## Task item
When the line containing "次にシュート練習を行いました" appears in the entries below, begin printing there and stop after the line containing "Описание продукта: ПЕЧЕНЬЕ"; print each of those lines exactly and no other line.

*** The data ***

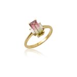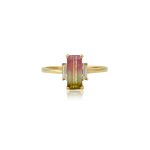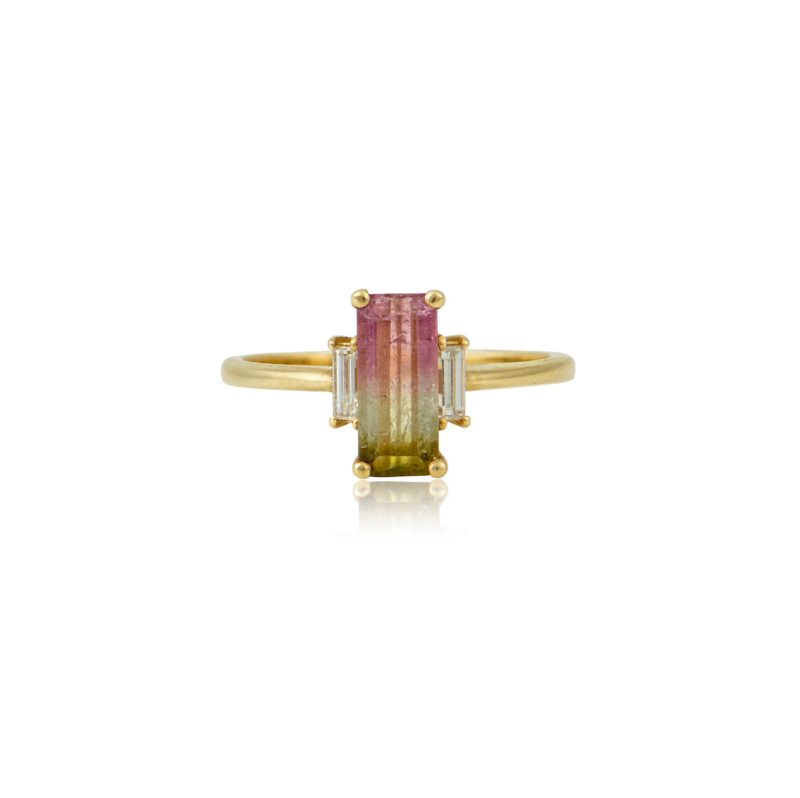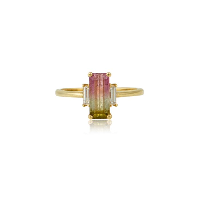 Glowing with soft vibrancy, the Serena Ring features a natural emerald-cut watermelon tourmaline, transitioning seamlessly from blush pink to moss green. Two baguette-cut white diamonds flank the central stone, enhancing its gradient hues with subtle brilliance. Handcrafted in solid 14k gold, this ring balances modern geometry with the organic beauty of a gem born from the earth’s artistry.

*** End of The data ***
*** The data ***

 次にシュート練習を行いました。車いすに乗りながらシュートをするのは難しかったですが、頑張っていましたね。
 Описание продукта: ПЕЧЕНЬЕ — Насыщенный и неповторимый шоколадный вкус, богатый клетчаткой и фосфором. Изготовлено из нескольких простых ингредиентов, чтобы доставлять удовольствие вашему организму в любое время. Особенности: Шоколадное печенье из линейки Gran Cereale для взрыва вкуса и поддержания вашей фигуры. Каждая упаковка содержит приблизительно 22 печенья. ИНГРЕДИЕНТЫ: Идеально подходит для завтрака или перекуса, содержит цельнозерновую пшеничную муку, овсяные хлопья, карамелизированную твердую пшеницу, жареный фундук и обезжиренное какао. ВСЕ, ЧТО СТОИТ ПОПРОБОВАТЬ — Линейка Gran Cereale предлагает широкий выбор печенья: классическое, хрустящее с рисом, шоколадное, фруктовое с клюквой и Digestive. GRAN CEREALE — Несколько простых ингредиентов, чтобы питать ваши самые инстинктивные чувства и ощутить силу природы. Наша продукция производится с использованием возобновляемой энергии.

*** End of The data ***

## Response area
 次にシュート練習を行いました。車いすに乗りながらシュートをするのは難しかったですが、頑張っていましたね。
 Описание продукта: ПЕЧЕНЬЕ — Насыщенный и неповторимый шоколадный вкус, богатый клетчаткой и фосфором. Изготовлено из нескольких простых ингредиентов, чтобы доставлять удовольствие вашему организму в любое время. Особенности: Шоколадное печенье из линейки Gran Cereale для взрыва вкуса и поддержания вашей фигуры. Каждая упаковка содержит приблизительно 22 печенья. ИНГРЕДИЕНТЫ: Идеально подходит для завтрака или перекуса, содержит цельнозерновую пшеничную муку, овсяные хлопья, карамелизированную твердую пшеницу, жареный фундук и обезжиренное какао. ВСЕ, ЧТО СТОИТ ПОПРОБОВАТЬ — Линейка Gran Cereale предлагает широкий выбор печенья: классическое, хрустящее с рисом, шоколадное, фруктовое с клюквой и Digestive. GRAN CEREALE — Несколько простых ингредиентов, чтобы питать ваши самые инстинктивные чувства и ощутить силу природы. Наша продукция производится с использованием возобновляемой энергии.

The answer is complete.